> Work task
Skip all pictures. Write out the data below from its first line through the line that contains "Smegin musta vedenkeitin".

> Data for analysis

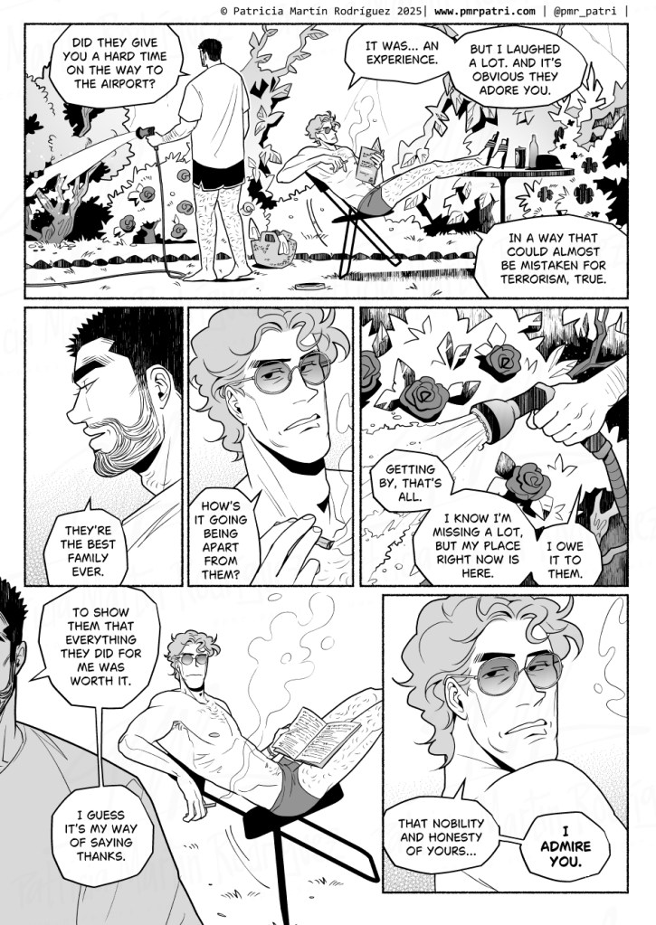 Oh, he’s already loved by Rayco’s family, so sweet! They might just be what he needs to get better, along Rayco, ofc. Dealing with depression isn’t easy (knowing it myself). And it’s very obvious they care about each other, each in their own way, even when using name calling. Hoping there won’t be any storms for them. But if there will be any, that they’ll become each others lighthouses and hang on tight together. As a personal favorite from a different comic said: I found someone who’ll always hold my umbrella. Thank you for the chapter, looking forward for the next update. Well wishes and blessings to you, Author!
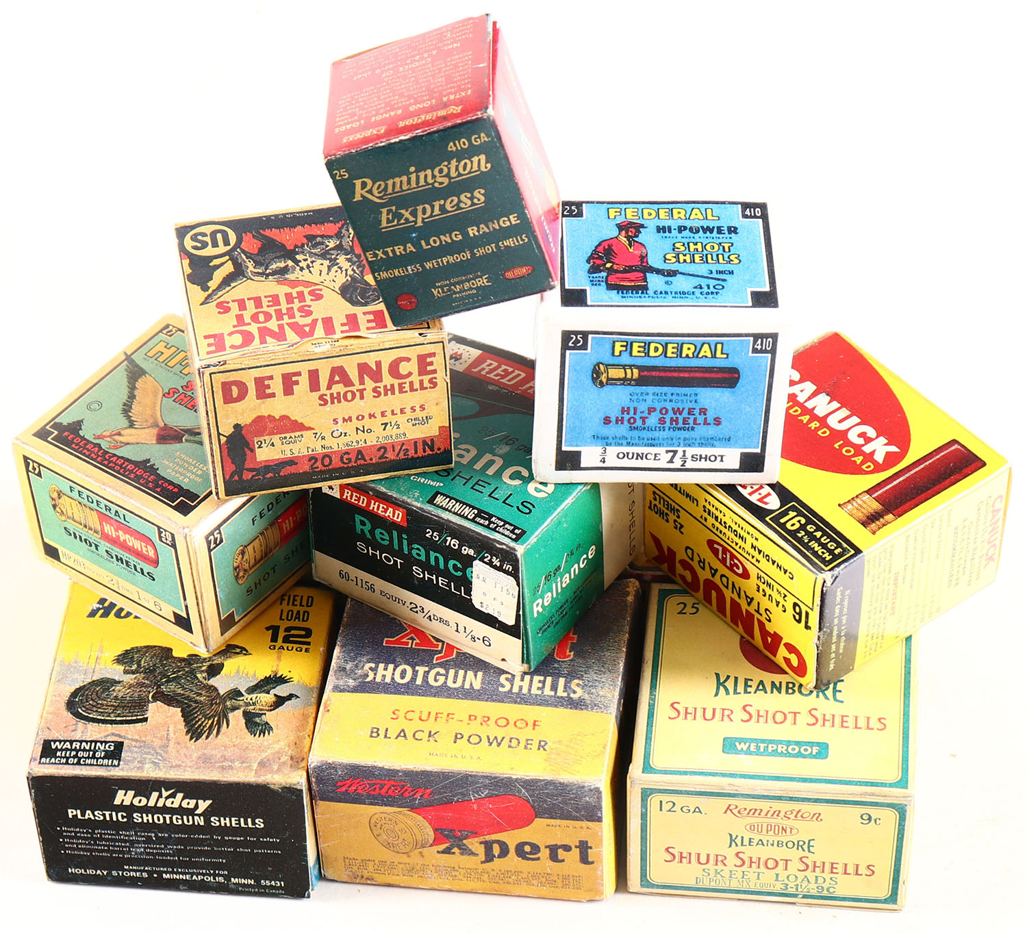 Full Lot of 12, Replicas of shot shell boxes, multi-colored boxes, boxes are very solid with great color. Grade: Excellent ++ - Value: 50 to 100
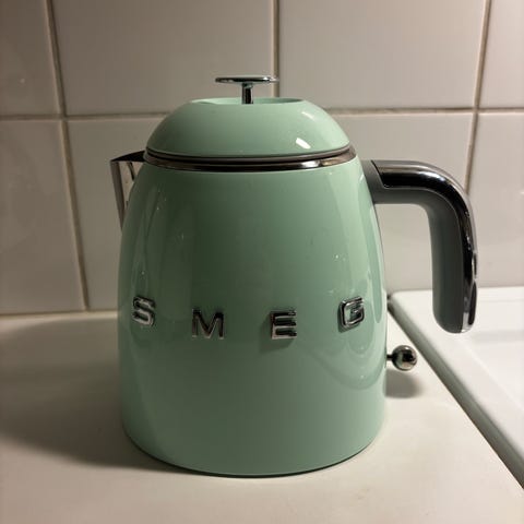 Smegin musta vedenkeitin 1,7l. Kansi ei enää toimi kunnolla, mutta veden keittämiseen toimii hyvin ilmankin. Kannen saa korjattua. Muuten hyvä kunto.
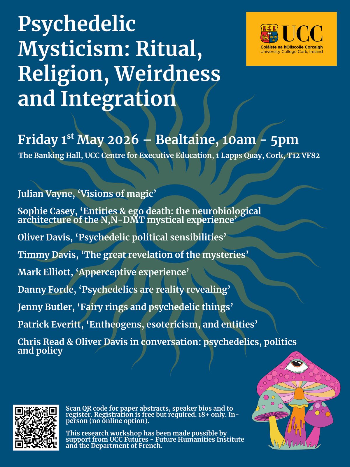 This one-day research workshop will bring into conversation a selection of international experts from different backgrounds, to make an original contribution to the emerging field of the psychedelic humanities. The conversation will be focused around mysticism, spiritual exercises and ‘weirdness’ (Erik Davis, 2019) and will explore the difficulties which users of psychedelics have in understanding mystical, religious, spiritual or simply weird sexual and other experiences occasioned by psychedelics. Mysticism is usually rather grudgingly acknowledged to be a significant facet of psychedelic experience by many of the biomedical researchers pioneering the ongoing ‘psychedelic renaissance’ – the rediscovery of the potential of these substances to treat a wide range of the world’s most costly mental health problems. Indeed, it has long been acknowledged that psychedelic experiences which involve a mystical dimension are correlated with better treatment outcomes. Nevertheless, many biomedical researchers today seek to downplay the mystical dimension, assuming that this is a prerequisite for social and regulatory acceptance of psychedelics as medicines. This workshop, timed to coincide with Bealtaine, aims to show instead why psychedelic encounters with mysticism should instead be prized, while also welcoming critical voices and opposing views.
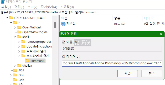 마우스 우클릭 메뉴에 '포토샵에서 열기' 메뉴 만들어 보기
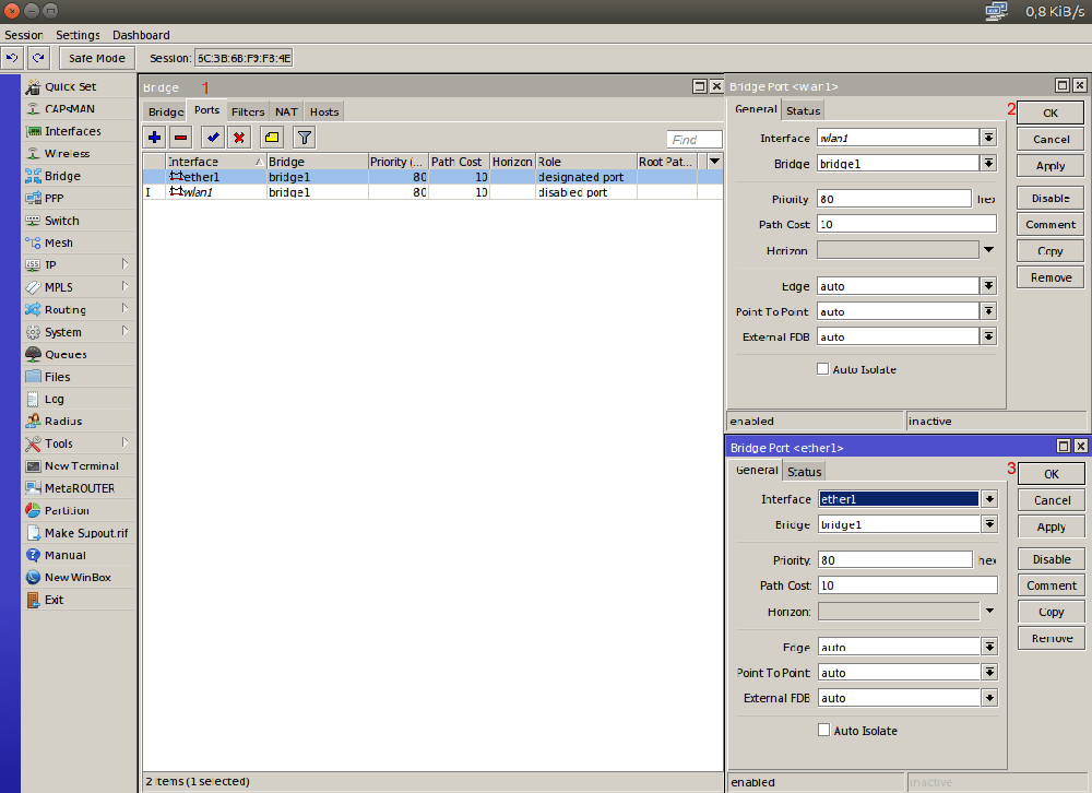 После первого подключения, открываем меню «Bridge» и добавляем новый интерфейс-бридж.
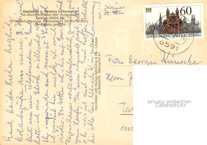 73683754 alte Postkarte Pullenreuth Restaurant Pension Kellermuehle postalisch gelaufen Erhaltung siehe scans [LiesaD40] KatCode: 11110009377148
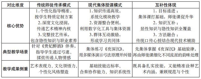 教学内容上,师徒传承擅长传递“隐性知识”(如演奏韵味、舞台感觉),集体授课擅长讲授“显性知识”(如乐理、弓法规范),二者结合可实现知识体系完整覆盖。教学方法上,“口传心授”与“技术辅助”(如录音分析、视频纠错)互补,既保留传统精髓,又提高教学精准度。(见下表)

> Response area
 Oh, he’s already loved by Rayco’s family, so sweet! They might just be what he needs to get better, along Rayco, ofc. Dealing with depression isn’t easy (knowing it myself). And it’s very obvious they care about each other, each in their own way, even when using name calling. Hoping there won’t be any storms for them. But if there will be any, that they’ll become each others lighthouses and hang on tight together. As a personal favorite from a different comic said: I found someone who’ll always hold my umbrella. Thank you for the chapter, looking forward for the next update. Well wishes and blessings to you, Author!
 Full Lot of 12, Replicas of shot shell boxes, multi-colored boxes, boxes are very solid with great color. Grade: Excellent ++ - Value: 50 to 100
 Smegin musta vedenkeitin 1,7l. Kansi ei enää toimi kunnolla, mutta veden keittämiseen toimii hyvin ilmankin. Kannen saa korjattua. Muuten hyvä kunto.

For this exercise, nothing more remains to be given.